This 1940 Packard One-Sixty Super-Eight Convertible Sedan is pure rolling opulence. In fact, if you wanted a more expensive Packard One-Sixty in its day, you had to buy a limousine. That's why it's a certified full classic by the CCCA. So it's terrific to find an example that appreciates its pre-war history while also continuing the smooth cruising style of an upper-class machine built to last generations.
Packards of this era instantly commanded respect with the bright and tall grille. They are a first-class design with body lines that are artfully allowed to develop. Just look at the crease that begins like a harpoon at the hood and runs until it gently fades away at the rear - that's pure rolling sculpture. And the red pinstripe laid within this coordinates with the wheels for that delicate hint of elegance. This has all the beautiful details that you'll love, like the torpedo-like headlights, dual spare tires in the long flowing front fenders, bright chrome bumpers, correct two-piece wheel covers, and the Goddess of Speed leading the way. We love the paint on this one. It's said to be the factory-correct Miami Sand color. This was likely done about 40 years ago, and that's part of the true appeal. It has the kind of aged-in style that makes sure no one accuses this timeless classic of being nouveau riche, and some may even just assume it's original. After all, the bagging, luggage rack, trim, and folding roof also have the right look of clean originality. It's all about the look of a good collector where it's about maintaining and not fidgeting. In fact, we're told this came out of a long-term collection of a northeast surgeon and was purchased by another collector who doesn't currently have room to properly keep this sizable pre-war classic.

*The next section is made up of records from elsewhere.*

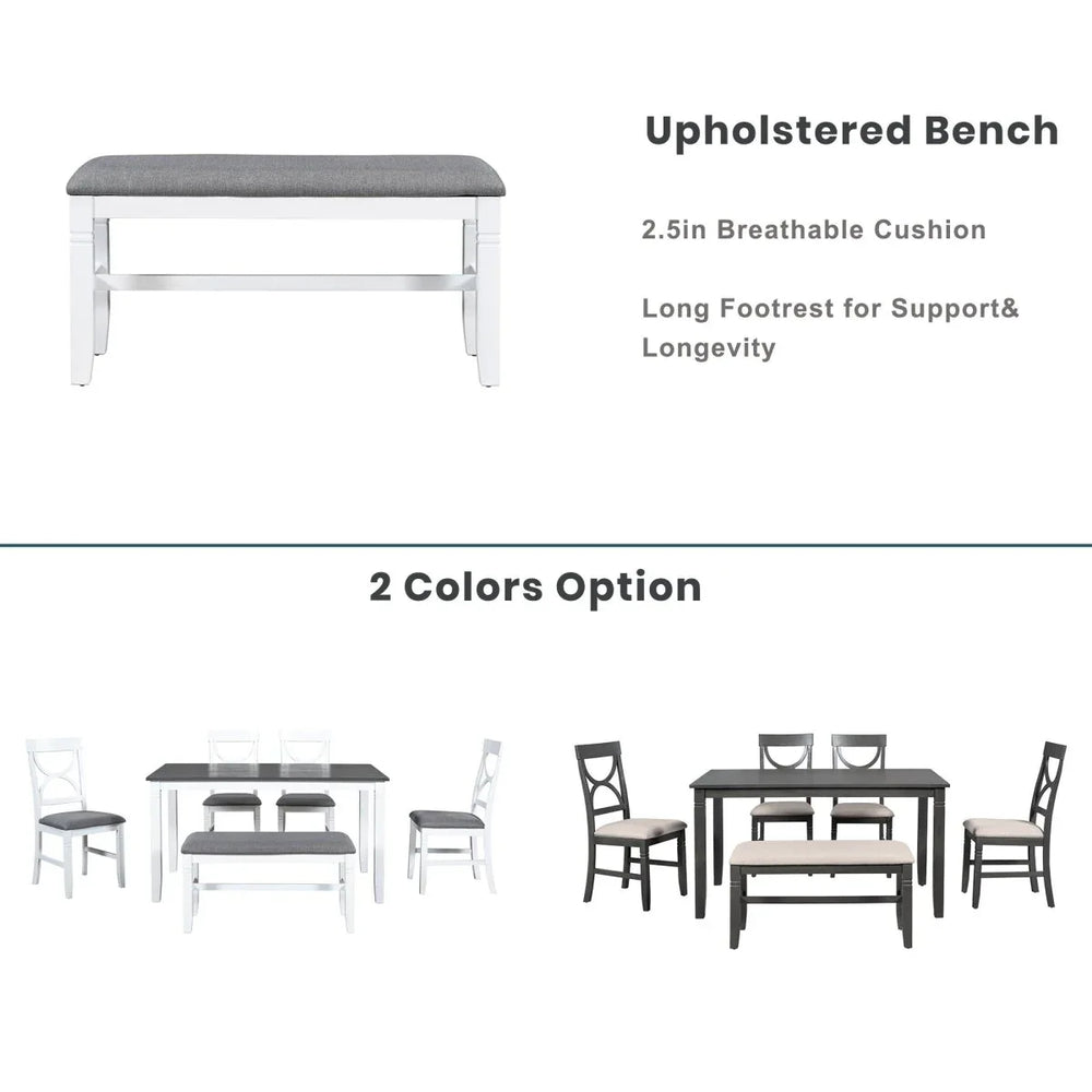 6-Piece Farmhouse Solid Wood Dining Table Set With Upholstered Bench
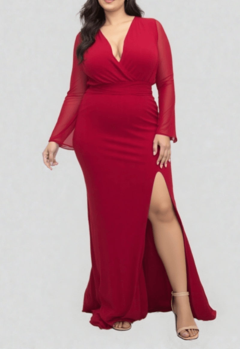 Vestido longo em tecido fluido com manga longa. Detalhe de fenda frontal e decote transpassado. Possui faixa para amarração e zíper invisível nas costas. Ideal para festas e eventos à noite.
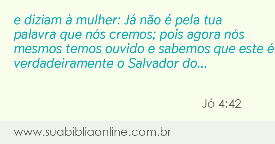 Faça sua busca na Bíblia. Sua Bíblia Online.Versão completa da Bíblia em Português com todos os livros, capítulos e versículos bíblicos.e diziam à mulher: Já não é pela tua palavra que nós cremos; pois agora nós mesmos temos ouvido e sabemos que este é verdadeiramente o Salvador do mundo.

We love the look of this sedan convertible. It gives you the full body lines and windows you could get in a limo-like sedan, but the large folding top neatly folds back so that you can open this one up to the world for a proper grand touring experience. And the deep burgundy interior makes for a tasteful contrast against the creamy exterior paint. Just like the exterior, the style is about being well-kept but clearly vintage. You have excellent upholstery, plush carpeting, and a stylish symmetrical art deco style dash to make this all inviting. The amount of room in the back makes this one feel like a presidential parade car. And it's detailed with the fold-down armrest, proper convertible boot, and even a rear windscreen of a touch of dual cowl phaeton style.
The engine bay continues this car's attractive time capsule style. The 160-line received the top motor from Packard, and in fact, this 356 cubic-inch straight-eight was admired for being one of the most potent powerhouses on the market. This is a year-correct block, and the whole engine bay has a very preserved presentation - from the long green block to the decal on the air cleaners. So when something looks this authentic after 80+ years, you know you'll be showing it off to true enthusiasts. The motor has been treated with respect, and there's even a newer electric fuel pump, so it fires up eagerly. The inline motor has the inherent smoothness of a sewing machine, and the size gives it the torque of a locomotive. This desirable powerplant is mated to a column-shifted three-speed manual transmission, which means you get a great vintage feeling while maintaining complete control.
Complete with owner's manual, this is a long-established distinction with the look of long-term care. This Packard doesn't need to climb to the upper echelons of classic car high society, because it's already there.